Distracted driving continues to be a problem in this age of instant cell phone gratification. We safe, sane drivers who keep our hands at the “10-and-2” position and check our rear view mirrors every 30 to 45 seconds have all seen the problem. You look ahead or behind and see a car veering from side to side, halfway on the shoulder, then halfway over the center line. If you get a chance to see the driver, the head is down, one hand is on the wheel (maybe), the other hand in the lap, tapping out a text that says something like “drivn dwn hwy 14 – whr r u?”

State law enforcement held a two-week distracted driving enforcement campaign in April, and the number of citations for testing climbed for the 4th straight year.
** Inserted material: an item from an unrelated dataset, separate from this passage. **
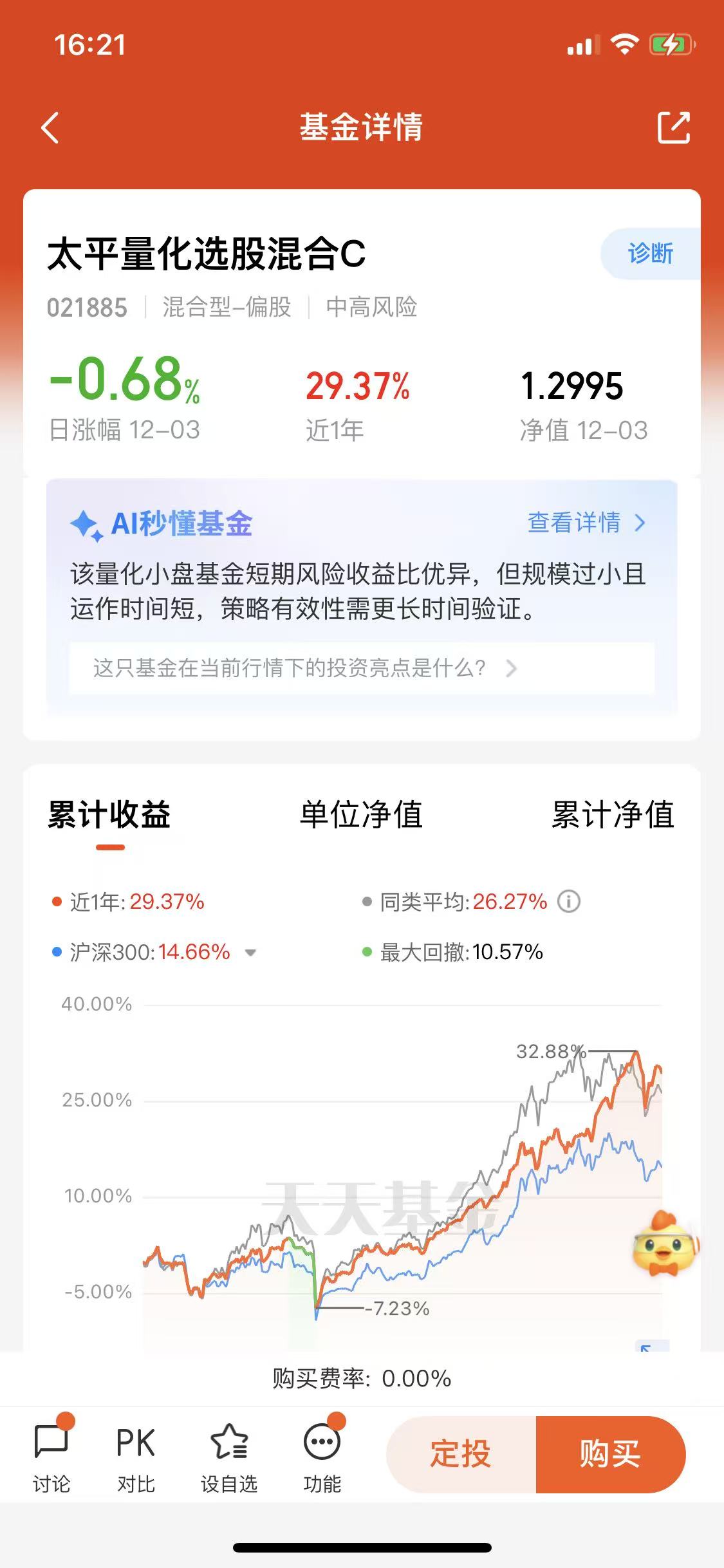 临近年末,市场开始高位震荡,我们要做的除了稳住心态外,更应该分散布局。毕竟我们无法预知板块的轮动。考虑到时间成本,我觉得利用一些主动量化策略的基金进行布局是一个较好的选择,比如太平量化选股混合C(021885)。

According to the Minnesota Department of Public Safety, officers, deputies and troopers cited 1,576 motorists for texting and driving during the campaign, compared with 1,017 cited during last year’s campaign.

Some examples of bad driving behavior:

• The Kasson PD cited a 65-year-old man who was shopping on Amazon during a snowstorm.
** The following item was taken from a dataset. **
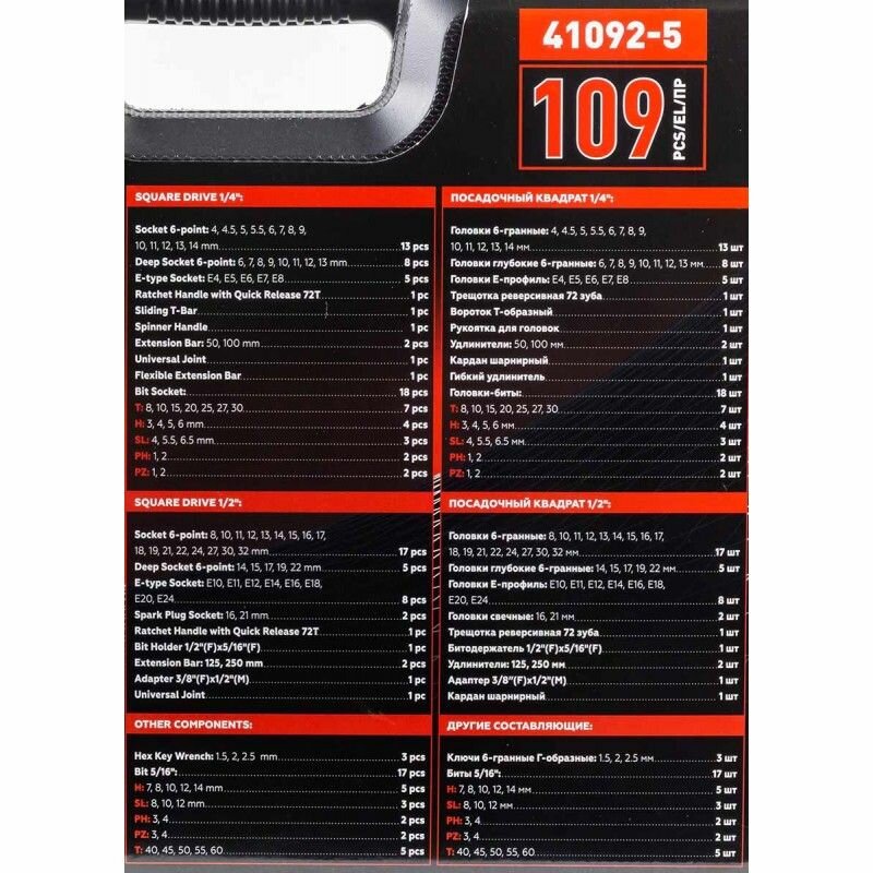 Набор инструментов BaumAuto, 109 предметов1/4', 1/2', в кейсе интересное:

• A 42-year-old man was cited on 694/Rice Street for playing poker on his phone while driving.

• A 31-year-old woman was cited for booking airline tickets while driving on Hwy. 13/Silver Bell Road.
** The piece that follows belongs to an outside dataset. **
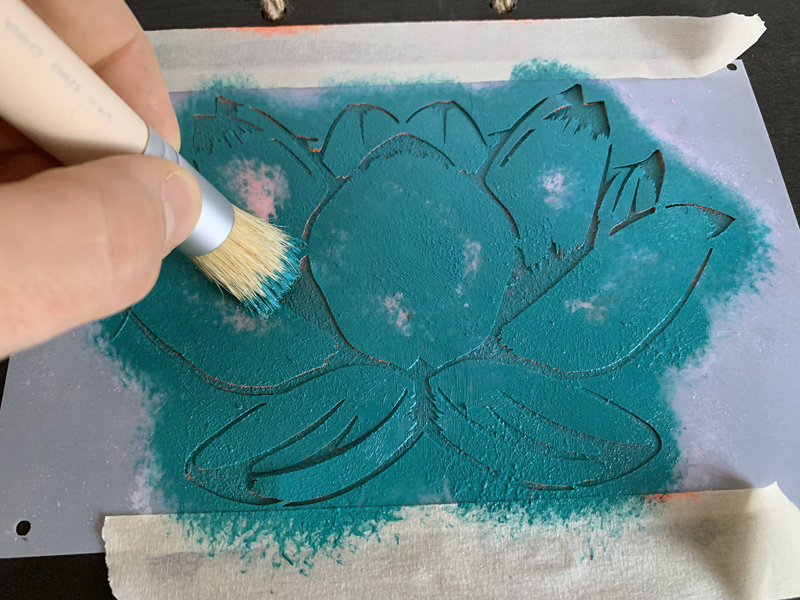 Using a different color, stencil in the open areas of the design. Again, a little paint gives the best results. Paint in an up and down or tapping motion.

• A 52-year-old male was playing Pokémon Go while driving. The driver showed the officer his key fob, which is also a remote that allows him to capture the Pokémon he encounters while driving.

My favorite example is one that was reported in the Star Tribune — a state trooper stopped a 24-year-old man in northern Minnesota for texting while driving. He was using his phone to pay a court fine — for the texting-while-driving ticket he had received two weeks earlier!

So, what can we do to stop serial Texting While Driving (TWD) offenders like the last young man? They are like the chronic DWI offenders who lose their licenses, have their license plates impounded, are fined to the brink of bankruptcy and may have even served time for their crime. But they borrow someone else’s car, get liquored up and go careening down the road again.

The state tries things like installing a breathalyzer ignition interlock on their cars that won’t let the car start unless you blow an alcohol-free test. But what can you do with serial distracted drivers?

We could take a tip from the breathalyzer hookups, and install cell phone jammers in the cars of people who just can’t put down the phone while driving. They wouldn’t be able to get a signal in or out, and they would have nothing else to do but drive.

There are some severely radical and bloodthirsty people who would suggest cutting off their thumbs. You can’t text without thumbs, you know. That would be effective, but I’m pretty sure the lawyers would consider that cruel and unusual punishment, forbidden by the Eighth Amendment.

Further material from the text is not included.